▶ What the exercise asks
What is needed is an exact transcription of the listing, with the images removed.

▶ Source material
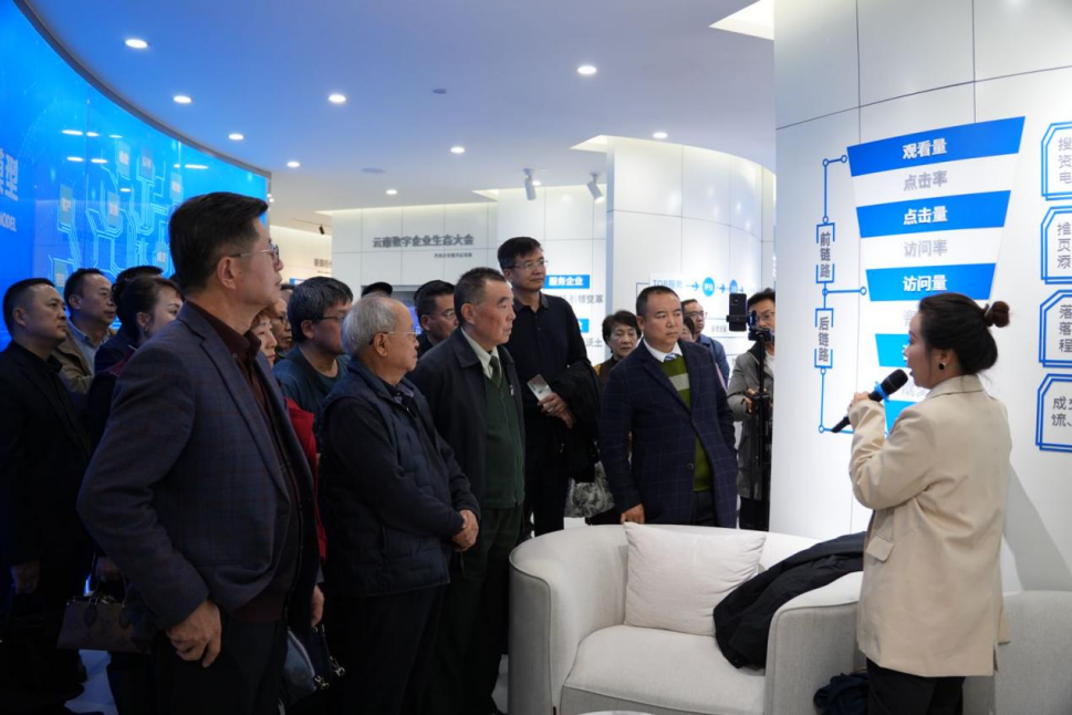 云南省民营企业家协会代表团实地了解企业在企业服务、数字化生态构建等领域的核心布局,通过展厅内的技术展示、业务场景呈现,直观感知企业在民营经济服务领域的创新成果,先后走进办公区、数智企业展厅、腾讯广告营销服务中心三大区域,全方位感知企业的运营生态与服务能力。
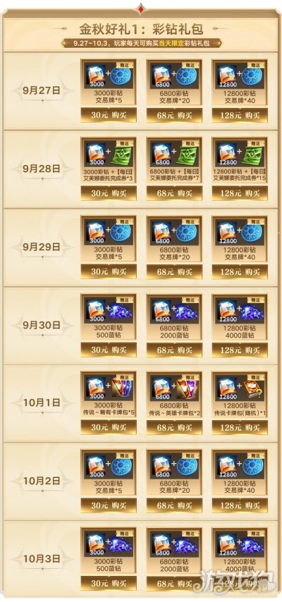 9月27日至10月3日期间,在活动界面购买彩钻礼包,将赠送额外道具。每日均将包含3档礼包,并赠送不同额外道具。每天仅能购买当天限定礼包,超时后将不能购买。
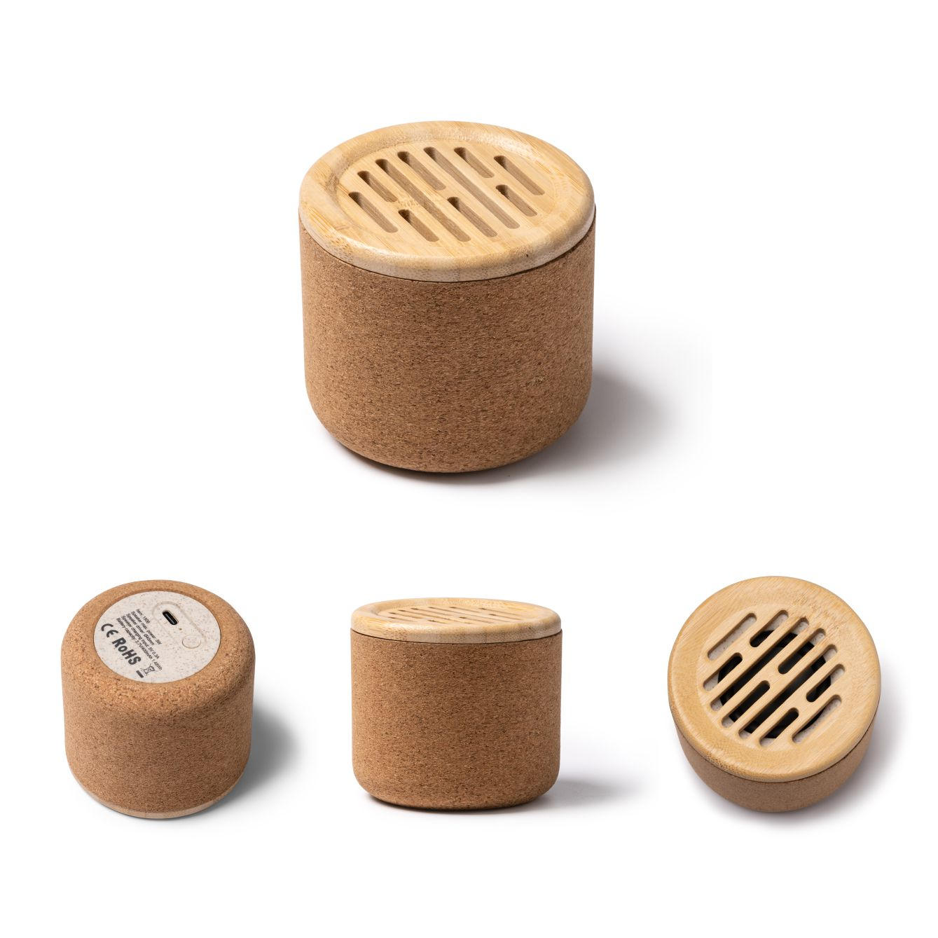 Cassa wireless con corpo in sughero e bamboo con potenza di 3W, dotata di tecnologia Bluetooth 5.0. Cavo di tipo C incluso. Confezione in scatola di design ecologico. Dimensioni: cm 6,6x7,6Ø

▶ Completed exercise
 云南省民营企业家协会代表团实地了解企业在企业服务、数字化生态构建等领域的核心布局,通过展厅内的技术展示、业务场景呈现,直观感知企业在民营经济服务领域的创新成果,先后走进办公区、数智企业展厅、腾讯广告营销服务中心三大区域,全方位感知企业的运营生态与服务能力。
 9月27日至10月3日期间,在活动界面购买彩钻礼包,将赠送额外道具。每日均将包含3档礼包,并赠送不同额外道具。每天仅能购买当天限定礼包,超时后将不能购买。
 Cassa wireless con corpo in sughero e bamboo con potenza di 3W, dotata di tecnologia Bluetooth 5.0. Cavo di tipo C incluso. Confezione in scatola di design ecologico. Dimensioni: cm 6,6x7,6Ø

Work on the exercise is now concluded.